Chromatin and Gene Regulation

Chromosomes are compacted into increasingly complex chromatin structures within eukaryotic nuclei. High-throughput sequence-based assays have been developed to identify regions of nucleosome-depleted open chromatin that mark all types of regulatory elements genome-wide in tissues and cell-types. The computational integration of these data with related gene expression, transcription factor binding, and epigenetic data provide a more complete picture of the complex process of gene transcription and regulation. With these data, we are also investigating the effects of genetic variation on regulation, as can been seen through allelic imbalance in signal from chromatin and transcription factor data, as well as in quantitative trait loci (QTL)-based analyses of these data across individuals.
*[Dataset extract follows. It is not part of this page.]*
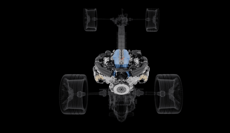 Au cœur de la motorisation hybride de la Chevrolet Corvette ZR1, le bloc thermique LT7 trône dans une configuration biturbo, toujours en position centrale arrière. Il développe 1 079 ch à 7 000 tr/min et 1 123 Nm de couple à 6 000 tr/min. Il s’agit du moteur V8 de série le plus puissant jamais produit par la marque. Il entraîne l’essieu arrière via une transmission à double embrayage (8 rapports), taillée pour encaisser une telle déferlante de puissance. À l’avant, un moteur électrique de 189 ch et 197 Nm vient épauler le V8. Contrairement à un système hybride classique, aucun lien mécanique n’existe entre les deux essieux : la coordination s’effectue de manière entièrement électronique, assurant une répartition dynamique et intelligente du couple selon les conditions de conduite.

Our computational biology lab both applies established analysis tools to data generated in collaboration with other labs as well as develops new analytical techniques to make novel associations.

Inflammatory Bowel Disease

Inflammatory bowel disease (IBD), primarily consisting of Crohn’s disease and ulcerative colitis, is the result of an inappropriate immune response to the intestinal microbiota in a genetically susceptible individual. We have partnered with Dr. Shehzad Sheikh, MD, PhD (Dept of Medicine, CGIBD) to uncover molecular and microbial characteristics of IBD disease phenotypes. We hypothesize that changes in the chromatin landscape in key intestinal cell types such as macrophages, are influenced by the host genetic background and significantly contribute to aberrant intestinal inflammation. Using both human tissue and mouse models, we seek to identify where chromatin is altered, the impacts on gene expression, the contributions of genetic variation, and the relationship to the microbial community in tissues and cells from affected individuals.
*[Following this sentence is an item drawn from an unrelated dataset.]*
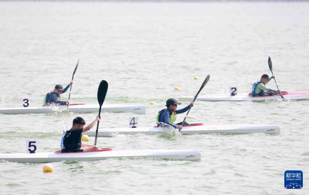 8月23日,小朋友在山东省临沂市沂河水上运动中心参加200米皮艇运动比赛。

Environmental Toxicogenomics

Exposure to naturally occurring toxicants or by-products of manufacturing process can result in serious health challenges. We hypothesize that toxicant exposure can alter normal cellular function through changes in chromatin architecture and transcriptional profiles in tissues or cells contributing to the onset of medical complications. In a collaboration with Dr. Samir Kelada, PhD (Dept of Genetics), we are investigating the effects of exposure to ozone on the lung inflammatory response in the genetically diverse Collaborative Cross mouse model resource. In particular, we are assaying how ozone-induced chromatin structure and gene expression changes in alveolar macrophages, along with genetic variation, explain variability in ozone response.